- [Work task]:
Retype the following data exactly, but leave its pictures out.

====== Data

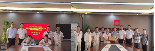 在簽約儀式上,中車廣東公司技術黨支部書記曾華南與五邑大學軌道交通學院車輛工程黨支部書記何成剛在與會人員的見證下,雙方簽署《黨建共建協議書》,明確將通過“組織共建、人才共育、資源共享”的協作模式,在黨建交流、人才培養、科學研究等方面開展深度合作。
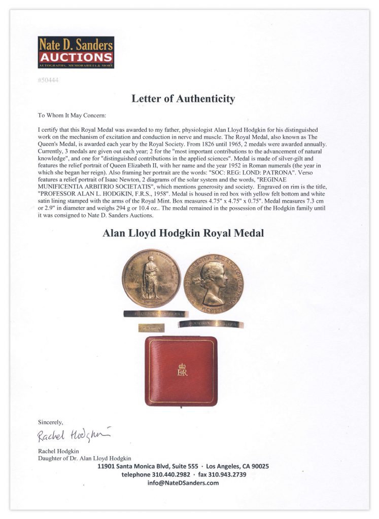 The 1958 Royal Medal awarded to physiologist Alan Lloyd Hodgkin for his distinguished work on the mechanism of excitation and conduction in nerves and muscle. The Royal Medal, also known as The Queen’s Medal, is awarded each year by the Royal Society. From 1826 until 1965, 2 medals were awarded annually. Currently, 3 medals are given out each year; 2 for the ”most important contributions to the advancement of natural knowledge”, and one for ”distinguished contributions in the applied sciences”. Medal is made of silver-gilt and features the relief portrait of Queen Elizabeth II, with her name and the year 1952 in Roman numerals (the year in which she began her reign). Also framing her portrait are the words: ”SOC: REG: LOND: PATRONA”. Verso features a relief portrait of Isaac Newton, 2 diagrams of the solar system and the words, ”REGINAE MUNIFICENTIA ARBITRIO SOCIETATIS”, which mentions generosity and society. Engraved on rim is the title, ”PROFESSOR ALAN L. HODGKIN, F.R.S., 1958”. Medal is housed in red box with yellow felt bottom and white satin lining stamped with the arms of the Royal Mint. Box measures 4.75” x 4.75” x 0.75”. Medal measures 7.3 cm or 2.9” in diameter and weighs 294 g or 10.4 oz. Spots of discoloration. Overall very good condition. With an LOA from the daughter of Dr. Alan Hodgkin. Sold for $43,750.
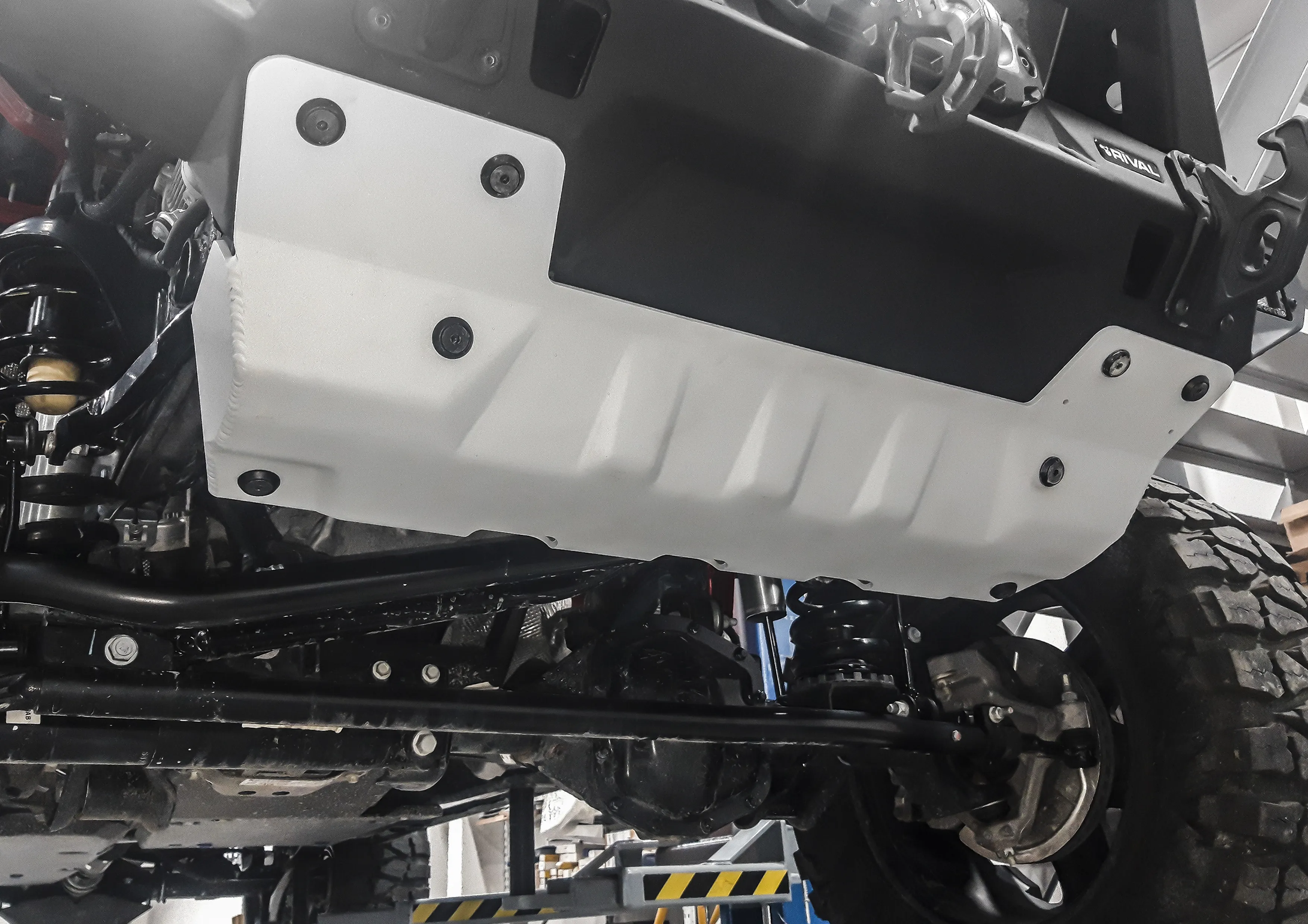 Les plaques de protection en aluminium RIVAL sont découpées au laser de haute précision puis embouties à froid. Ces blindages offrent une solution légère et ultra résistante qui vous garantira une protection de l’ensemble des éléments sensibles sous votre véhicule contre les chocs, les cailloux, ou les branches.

============

- [Exercise output]:
 在簽約儀式上,中車廣東公司技術黨支部書記曾華南與五邑大學軌道交通學院車輛工程黨支部書記何成剛在與會人員的見證下,雙方簽署《黨建共建協議書》,明確將通過“組織共建、人才共育、資源共享”的協作模式,在黨建交流、人才培養、科學研究等方面開展深度合作。
 The 1958 Royal Medal awarded to physiologist Alan Lloyd Hodgkin for his distinguished work on the mechanism of excitation and conduction in nerves and muscle. The Royal Medal, also known as The Queen’s Medal, is awarded each year by the Royal Society. From 1826 until 1965, 2 medals were awarded annually. Currently, 3 medals are given out each year; 2 for the ”most important contributions to the advancement of natural knowledge”, and one for ”distinguished contributions in the applied sciences”. Medal is made of silver-gilt and features the relief portrait of Queen Elizabeth II, with her name and the year 1952 in Roman numerals (the year in which she began her reign). Also framing her portrait are the words: ”SOC: REG: LOND: PATRONA”. Verso features a relief portrait of Isaac Newton, 2 diagrams of the solar system and the words, ”REGINAE MUNIFICENTIA ARBITRIO SOCIETATIS”, which mentions generosity and society. Engraved on rim is the title, ”PROFESSOR ALAN L. HODGKIN, F.R.S., 1958”. Medal is housed in red box with yellow felt bottom and white satin lining stamped with the arms of the Royal Mint. Box measures 4.75” x 4.75” x 0.75”. Medal measures 7.3 cm or 2.9” in diameter and weighs 294 g or 10.4 oz. Spots of discoloration. Overall very good condition. With an LOA from the daughter of Dr. Alan Hodgkin. Sold for $43,750.
 Les plaques de protection en aluminium RIVAL sont découpées au laser de haute précision puis embouties à froid. Ces blindages offrent une solution légère et ultra résistante qui vous garantira une protection de l’ensemble des éléments sensibles sous votre véhicule contre les chocs, les cailloux, ou les branches.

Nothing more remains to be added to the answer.